[Exercise brief]
Below is a block of records: output all of them exactly and leave out the pictures.

(Records from a dataset)

::::::

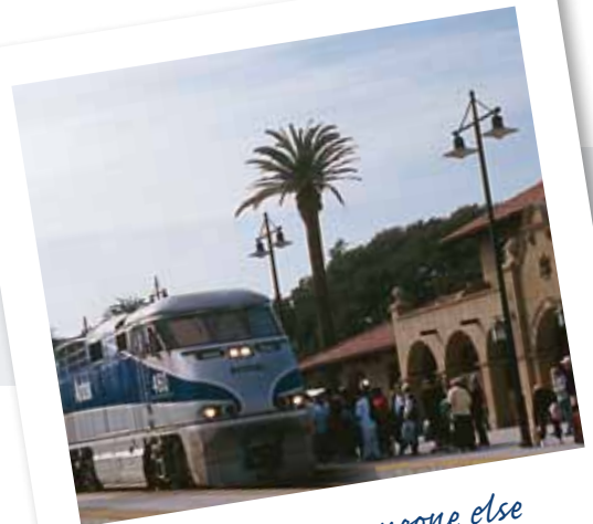
Relax... and let someone else do the driving...
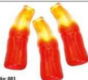
No: 083 Medium Cola Bottle Min: 5,5g - Max: 6g
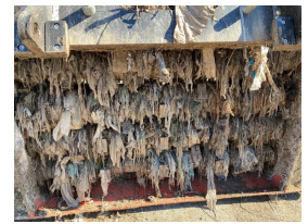
Bags tangled in grinder
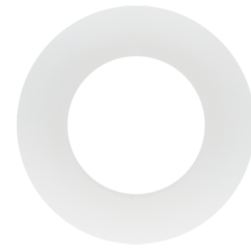
Cover ring PD9 Ø 36 mm Art.No: 92238

Dimensions: Ø 36 mm Housing: polycarbonate, UV-resistant Material color: anthracite glossy

::::::

[Exercise response]
Relax... and let someone else do the driving...
No: 083 Medium Cola Bottle Min: 5,5g - Max: 6g
Bags tangled in grinder
Cover ring PD9 Ø 36 mm Art.No: 92238

Dimensions: Ø 36 mm Housing: polycarbonate, UV-resistant Material color: anthracite glossy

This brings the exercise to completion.